公開日:2020.3.5 更新日: 2021.5.21

葉や花弁が昼間は水平に、夜間は垂直になる動きを開閉運動とみなし、昼夜の様子が目覚めと眠りの状態に見えることから、この昼夜の開閉を植物の就眠運動と呼ぶ。

開閉を引き起こす刺激が明らかであれば、この運動は傾性と言い、刺激の種類を頭につけて、光傾性とか温度傾性と言う。
花の開閉例ではタンポポ頭花は光傾性、チューリップは温度傾性である。しかし、昼夜の開閉運動には就眠運動の呼び名が広く使われている。
葉の就眠は明暗の交代によって起こる。

就眠する植物の例を属名で示すと、
スベリヒユ、アオイ、フヨウ、ワタ、カタバミ、ツリフネソウ、マツヨイグサ、サツマイモ、タバコ、オシロイバナとマメ科の多くである。

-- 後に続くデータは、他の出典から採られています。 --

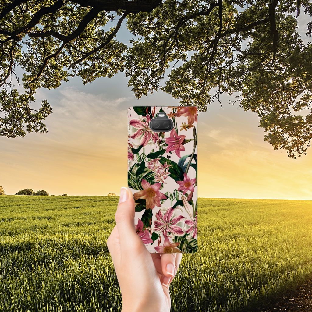 Dit Flowers design is een zegen voor de mens en zijn smartphone. De paarswitte bloemen en groene bladeren op deze Sony Xperia 10 Plus Smart Cover geven jouw smartphone een zeer sierlijke uitstraling. Je krijgt er meteen een goed gevoel bij als je aan het appen, mailen of aan het bellen bent. Valt dan je telefoon op de grond, dan zal er dankzij de stand case met paarswitte bloemen en groene bladeren geen schade ontstaan. Onze stand cases met paarswitte bloemen en groene bladeren bieden de allerbeste bescherming en zijn heel praktisch, wat blijkt uit onder meer het vakje aan de binnenkant en de handige standaard waarmee je de smartphone rechtop op tafel neer kunt zetten. De paarswitte bloemen en groene bladeren komen op alle zijden van de case te staan. Op deze stand case van leer en TPU (houder aan de binnenkant) kun je in no time zelf foto’s van jouw favoriete bloemen zetten.

就眠運動のほとんどが生長運動で起こり、葉の基部にある生長帯の細胞が伸びると、伸びの大きい側面が凸になって屈曲し、背と腹の両面で伸びの大きさが代わると上下運動になって、葉が開閉する。

ところが、カタバミ科とマメ科植物の就眠運動は、葉や小葉の基部の少し膨らんだ葉枕で屈曲する膨圧運動で起こる。この場合は葉枕の細胞が可逆的な容積変化を起こして屈曲する。

マメ科植物では就眠と覚醒の活性物質が見出され、両物質の濃度バランスが昼夜で逆転することで葉枕での屈曲が制御されているという。

葉の就眠運動は明暗だけなく、生長帯の細胞や運動細胞の性質がほぼ1日の周期で変わる生物時計にも支配されている。